In a neighboring building, by his account, ten women are being held in even worse conditions. There’s no ventilation, they are only allowed access to toilets three times a day, and there’s not enough food.

Unlike many others, Serhiy has a valid Ukrainian ID, known as an “internal passport.” He says this makes it all the more confusing why he hasn’t been allowed to enter Georgia.

Serhiy is one of at least 15 Ukrainians stranded at the border who recently declared a hunger strike. The group also sent a message to Ukraine’s embassy in Georgia by email. “At the very least, I want to see the consul,” he says.

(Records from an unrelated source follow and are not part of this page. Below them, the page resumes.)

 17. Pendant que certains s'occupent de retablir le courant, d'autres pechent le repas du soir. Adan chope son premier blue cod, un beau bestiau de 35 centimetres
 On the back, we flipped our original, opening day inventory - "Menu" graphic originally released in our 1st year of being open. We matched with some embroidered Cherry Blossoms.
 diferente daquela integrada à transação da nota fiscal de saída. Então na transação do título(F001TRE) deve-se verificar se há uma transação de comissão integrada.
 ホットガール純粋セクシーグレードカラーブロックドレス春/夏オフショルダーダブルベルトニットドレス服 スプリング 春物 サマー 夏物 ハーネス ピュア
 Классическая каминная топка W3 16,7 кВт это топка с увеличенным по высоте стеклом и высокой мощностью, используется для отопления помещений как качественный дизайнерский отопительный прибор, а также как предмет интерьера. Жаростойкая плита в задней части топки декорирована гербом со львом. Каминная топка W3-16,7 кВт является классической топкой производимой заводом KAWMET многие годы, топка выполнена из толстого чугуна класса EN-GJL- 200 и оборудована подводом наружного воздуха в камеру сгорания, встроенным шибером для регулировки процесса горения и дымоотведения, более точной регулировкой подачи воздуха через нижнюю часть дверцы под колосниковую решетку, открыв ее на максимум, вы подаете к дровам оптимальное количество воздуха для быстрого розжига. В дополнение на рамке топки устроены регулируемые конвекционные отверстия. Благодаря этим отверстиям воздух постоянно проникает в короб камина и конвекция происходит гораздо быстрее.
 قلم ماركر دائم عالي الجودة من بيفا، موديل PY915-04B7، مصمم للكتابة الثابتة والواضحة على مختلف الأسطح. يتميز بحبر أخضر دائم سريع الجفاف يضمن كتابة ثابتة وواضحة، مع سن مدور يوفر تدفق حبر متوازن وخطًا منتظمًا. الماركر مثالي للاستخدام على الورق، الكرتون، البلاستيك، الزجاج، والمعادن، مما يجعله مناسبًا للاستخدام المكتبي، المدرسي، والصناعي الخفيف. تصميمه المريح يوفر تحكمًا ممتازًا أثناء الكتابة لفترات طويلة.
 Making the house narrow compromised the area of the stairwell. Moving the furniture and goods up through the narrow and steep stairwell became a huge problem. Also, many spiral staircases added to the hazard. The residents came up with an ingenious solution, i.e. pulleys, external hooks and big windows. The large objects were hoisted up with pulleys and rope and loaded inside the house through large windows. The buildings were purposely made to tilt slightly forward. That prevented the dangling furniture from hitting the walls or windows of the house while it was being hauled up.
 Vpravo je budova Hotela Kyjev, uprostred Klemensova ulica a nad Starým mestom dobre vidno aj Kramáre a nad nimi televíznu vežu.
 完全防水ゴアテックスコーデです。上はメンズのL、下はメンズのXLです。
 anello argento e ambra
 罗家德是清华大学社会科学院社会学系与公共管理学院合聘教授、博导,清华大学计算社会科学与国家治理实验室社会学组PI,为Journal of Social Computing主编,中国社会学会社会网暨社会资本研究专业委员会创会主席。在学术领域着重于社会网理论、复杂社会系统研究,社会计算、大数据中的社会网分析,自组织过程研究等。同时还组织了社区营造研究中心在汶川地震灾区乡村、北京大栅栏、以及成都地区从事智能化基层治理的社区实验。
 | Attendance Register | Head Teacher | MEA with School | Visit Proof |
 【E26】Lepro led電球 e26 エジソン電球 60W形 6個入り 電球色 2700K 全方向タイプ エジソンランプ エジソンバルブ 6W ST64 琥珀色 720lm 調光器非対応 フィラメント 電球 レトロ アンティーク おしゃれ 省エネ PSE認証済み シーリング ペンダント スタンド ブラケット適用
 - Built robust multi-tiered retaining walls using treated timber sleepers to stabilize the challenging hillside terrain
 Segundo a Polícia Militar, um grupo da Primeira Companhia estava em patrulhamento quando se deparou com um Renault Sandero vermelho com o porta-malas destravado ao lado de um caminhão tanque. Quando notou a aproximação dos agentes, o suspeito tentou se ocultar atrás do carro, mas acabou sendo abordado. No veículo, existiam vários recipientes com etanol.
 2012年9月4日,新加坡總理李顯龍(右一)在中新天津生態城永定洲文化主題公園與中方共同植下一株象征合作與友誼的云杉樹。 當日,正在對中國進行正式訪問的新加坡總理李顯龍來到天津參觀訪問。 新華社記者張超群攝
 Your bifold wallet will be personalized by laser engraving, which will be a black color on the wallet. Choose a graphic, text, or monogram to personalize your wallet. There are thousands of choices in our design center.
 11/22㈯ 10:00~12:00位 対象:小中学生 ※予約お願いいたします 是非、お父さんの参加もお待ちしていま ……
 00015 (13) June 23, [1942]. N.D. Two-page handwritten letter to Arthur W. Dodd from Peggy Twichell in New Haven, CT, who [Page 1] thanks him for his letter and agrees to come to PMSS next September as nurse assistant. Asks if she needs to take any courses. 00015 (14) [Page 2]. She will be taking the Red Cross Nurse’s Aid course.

No one’s listening. There’s no medical help. They keep dangling Mondays in front of us, saying everything will be resolved ‘on Monday.’ But nothing gets resolved. This protest is our way of trying to be heard. I want to go home — to Ukraine. I don’t want to go back to Russia. And there’s a chance that could happen. We haven’t crossed into Georgia yet, so they could easily send us back.

According to media reports,  Russia has been deporting Ukrainians it deems “security threats” via the land border with Georgia since at least 2023.